Altro sottogenere che prevede una certa presenza di tecnologia è la space opera, dove inevitabilmente bisogna confrontarsi con le leggi della relatività speciale e generale di Albert Einstein; lo steampunk, cappello sotto cui vengono spesso raccolti molti romanzi della fantascienza dell'Ottocento, come quelli del già citato Verne, è caratterizzato dalla presenza di macchinari sofisticati basati, però, su tecnologie semplici come il vapore. La macchina del tempo presente in Dark è, in un certo senso, una sorta di tecnologia steampunk, perché costruita con materiali semplici, pur se non cade esattamente nel genere visto che non usa il vapore come fonte d'energia. E ovviamente non possiamo dimenticare il viaggio nel tempo, filone sotto il quale rientra proprio Dark. Esistono anche altri filoni, ma fondamentalmente questi (forse si dovrebbe aggiungere la xenofiction, quella alla Alien, per fare un esempio abbastanza noto alla maggior parte dei miei lettori) sono i sottogeneri che utilizzano la scienza in maniera abbastanza imprescindibile.

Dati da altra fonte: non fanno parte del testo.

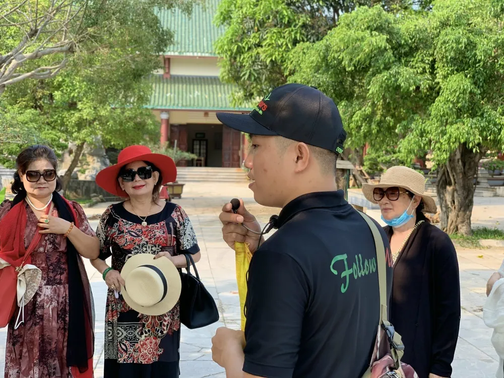 Hướng dẫn viên đang hướng dẫn cho du khách quốc tế tại một điểm tham quan tại TP Đà Nẵng trước khi dịch diễn ra. Ảnh: TÂM AN.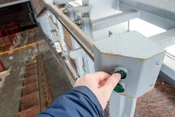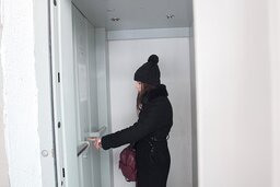 Двигаются они медленно, но главное — работают. В кабине платформы помимо кнопок управления подъемным механизмом есть кнопка связи с диспетчером. Нажав на нее, через несколько секунд услышали женский голос: «Что у вас случилось?» Словом, все оборудование действует.

Fatto questo recap, cosa possiamo dire su quale dovrebbe essere la buona fantascienza? In generale la fantascienza è sempre buona quando non si discosta dal suo obiettivo principale: parlare dei tempi odierni utilizzando la fascinazione del futuro. Fatto ciò, il resto sono accessori che permettono di far apprezzare in maniera più o meno buona la storia al lettore. E' evidente che nel caso delle belle storie e dei grandi autori, questi ultimi accolgono la sfida che il genere (e il lettore) pone loro: ideare mondi e situazioni in cui lo sviluppo tecnologica è plausibile. Poi sta al desiderio del lettore di approfondire l'aspetto tecnologico, ma in generale vale quanto affermato da Mark Waid per le sue storie di supereroi:
Penso che più scienza riesco a mettere in una storia di supereroi, appare più reale, possiede maggiore verosimiglianza – questo penso che sia molto importante per i lettori che vogliono investire nei tuoi personaggi.
E vale anche per una buona storia di fantascienza.